*GIVEN MATERIAL:*
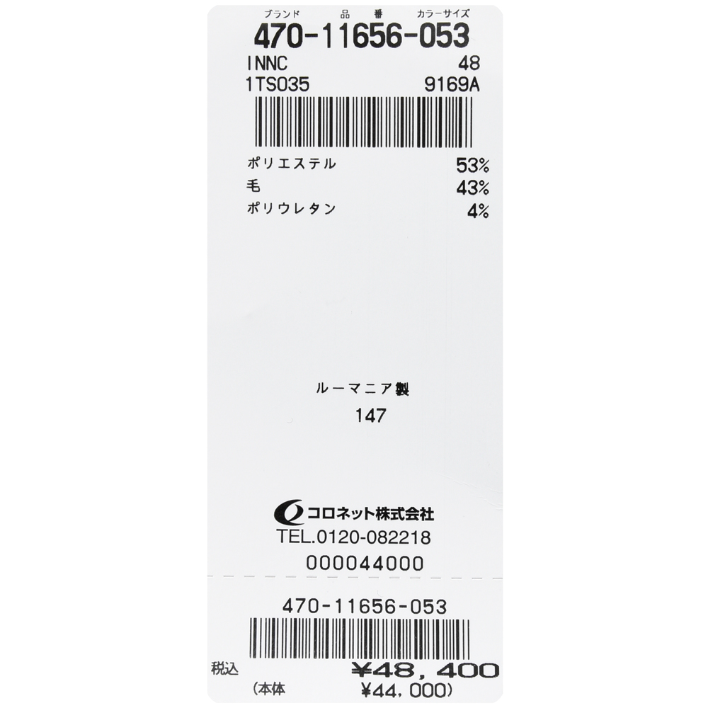 : 表地:ポリエステル53% ウール43% ポリウレタン4%
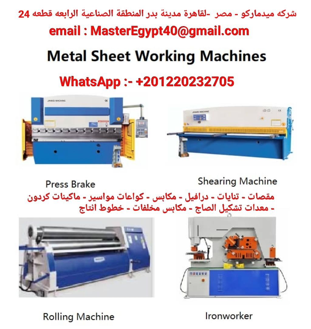 معدات تشكيل الصاج مقصات صاج تنايات صاج هيدروليك مكابس ودرافيل ضمان خمس سنوات أرقى المكونات الأوروبية مصدرين لجميع الدول العربية فروعنا في القاهرة مدينة بدر ورمسيس وباسوس
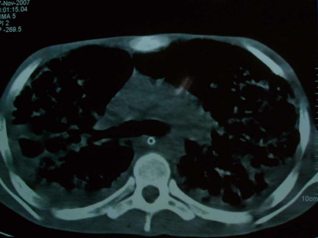 以下是引用齐原在2007-11-19 14:44:00的发言:[br]支气管囊肿伴感染,肺大泡,双下肺炎症

*EXERCISE PROMPT:* Reproduce the material word for word, but without its images.

*RESULT OF THE EXERCISE:*
 : 表地:ポリエステル53% ウール43% ポリウレタン4%
 معدات تشكيل الصاج مقصات صاج تنايات صاج هيدروليك مكابس ودرافيل ضمان خمس سنوات أرقى المكونات الأوروبية مصدرين لجميع الدول العربية فروعنا في القاهرة مدينة بدر ورمسيس وباسوس
 以下是引用齐原在2007-11-19 14:44:00的发言:[br]支气管囊肿伴感染,肺大泡,双下肺炎症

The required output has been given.